# Service vs Pet



## SableTMC (Oct 12, 2013)

Lots of online research convinced me to get a dog from a decent breeder to raise and train for seizure detection/response. Since we definitely aren't in the ballpark for a $7000 trainer, I'm wondering if poodleforum can give my family insight on how we should treat puppy differently than a pet.

Thanks in advance


----------



## Tiny Poodles (Jun 20, 2013)

One thing for sure, is that you want to get a calm but confident - not highly reactive dog and begin work from day one on it having excellent public manners - because even if the dog does it's job alerting, they cannot be a service dog unless they have impeccable behavior in public!
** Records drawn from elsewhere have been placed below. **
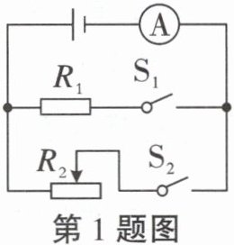 1. 如图所示的电路,电源电压恒为9V,$R_1$的阻值为20Ω,滑动变阻器$R_2$标有“100Ω 1A”字样,电流表接0~0.6A的量程。在探究过程中至少有一个开关闭合,调整开关$S_1$、$S_2的状态及R_2$接入电路的阻值大小,在保证电路安全的前提下,下列结论正确的是 (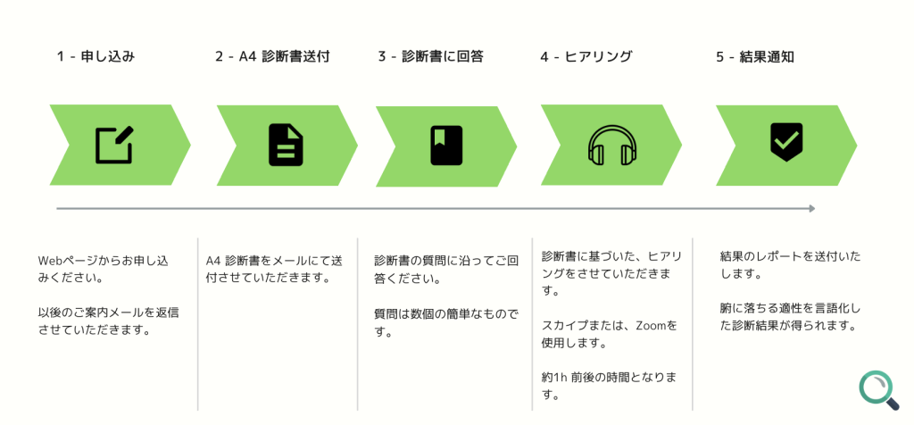 申し込み後、診断テストの案内が送信されます。テストは、A4紙一枚で回答できる簡単な設問です。
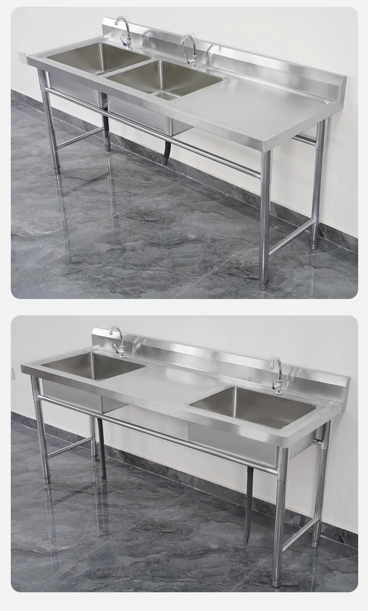 두꺼운 스테인레스 스틸 싱글 및 더블 싱크 호텔 학교 주방 식기 세척기 야채 싱크 가정용 상업용 워시 분지 플랫폼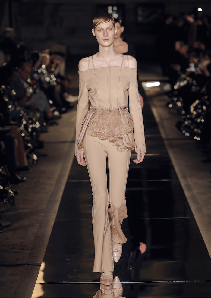 中でもアイコニックなのは、Julia Nobis (ジュリア・ノビス) が着用したルック50。全身をヌードトーンで包み込んだパンツスタイルは、リラックス感のあるファブリックで仕立てられた端正なテーラリングと、スポーツウェアを思わせるペプラムの切り替え、そしてウエスト位置にあしらわれたチュールのラッフル装飾など、ハイブリッドな感性が存分に生かされたキラールックだ。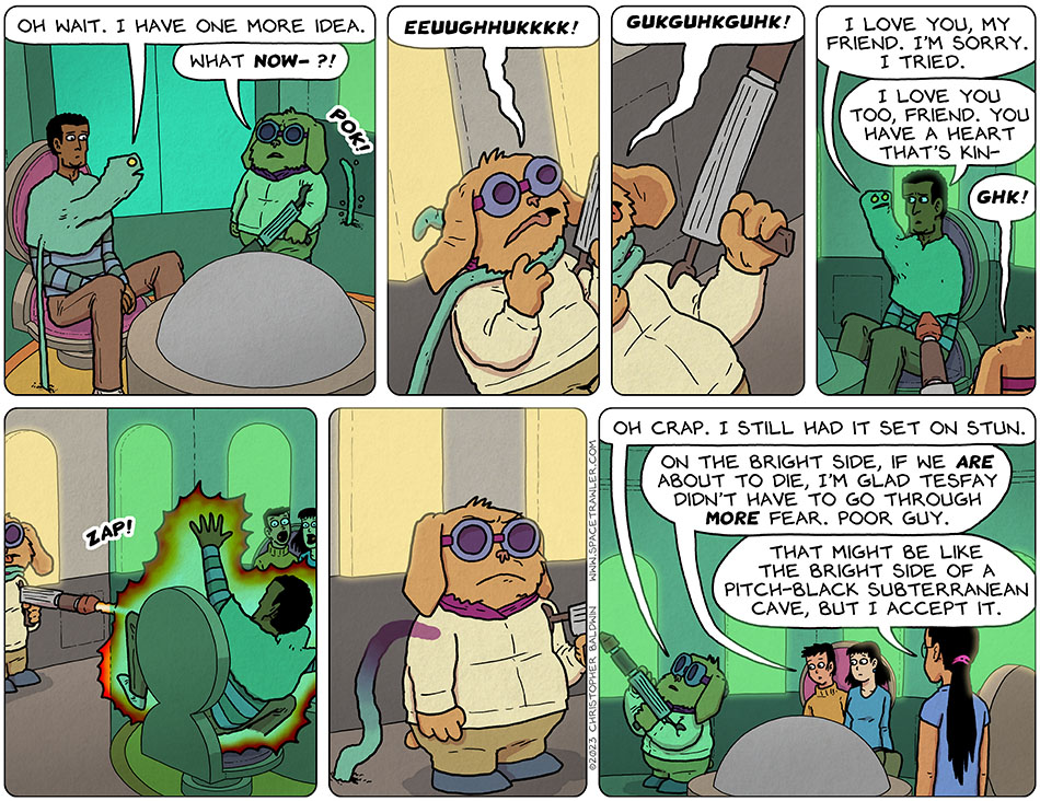 I’m trying not to be further irritated that the attempt allowed Science to check and alter the setting on his weapon. He might have just stunned them, dropped the shield and hauled them to the airlock, giving Aitana and company time to revive and provide at least a distraction for Tesfay and Chiphu on the counterattack. No chance now.

Sent from Petguide.com Free App


----------



## Mom-n-Reiki (Jan 6, 2013)

My biggest advice is usually the hardest for people to understand so if I sound cold, bear with me.

First, find a puppy that is a 3 or a 4 on the temperament test scale or, even better, a breeder that already has working service dogs on the ground so they can help you find the right pup.

A service dog is to be considered medical equipment (but alive duh!) And your partner first, and a cuddly fluffy thing second. There is a chance your puppy will "wash out" of training and you need to be aware of it and do yourself and the dog a favor and start again with a different dog. Some dogs just aren't cut out for SD work. It is a very difficult decision to make and you need to decide if the pup does wash out will you have the finances for two dogs or will you have to rehome it, and stick with your decision.

If your dog shows aggression or extreme fear, it is not a good candidate and needs to be washed out. If it just does not want to work, it needs to be washed out. If it exhibits too mich stress, wash it out. It needs to be "bombproof", not bark or startle easily at noises or distractions, it will be kicked, hit, yelled at, fussed over, hugged, and pet wether or not you want it to. It needs to be housebroken (a SDiT just peed in our local Wal-Mart last week and caused a fuss for other service dog users). Also check with your state about access rights for Service Dogs in Training (SDiT) and become familiar with state and federal service dog laws. And can YOU handle the stress of dealing with people in a calm way when they try and deny you access or bother your dog, or are rude to you and your dog? Will you stand up for yourself when people try and bully you? (This part was hard!)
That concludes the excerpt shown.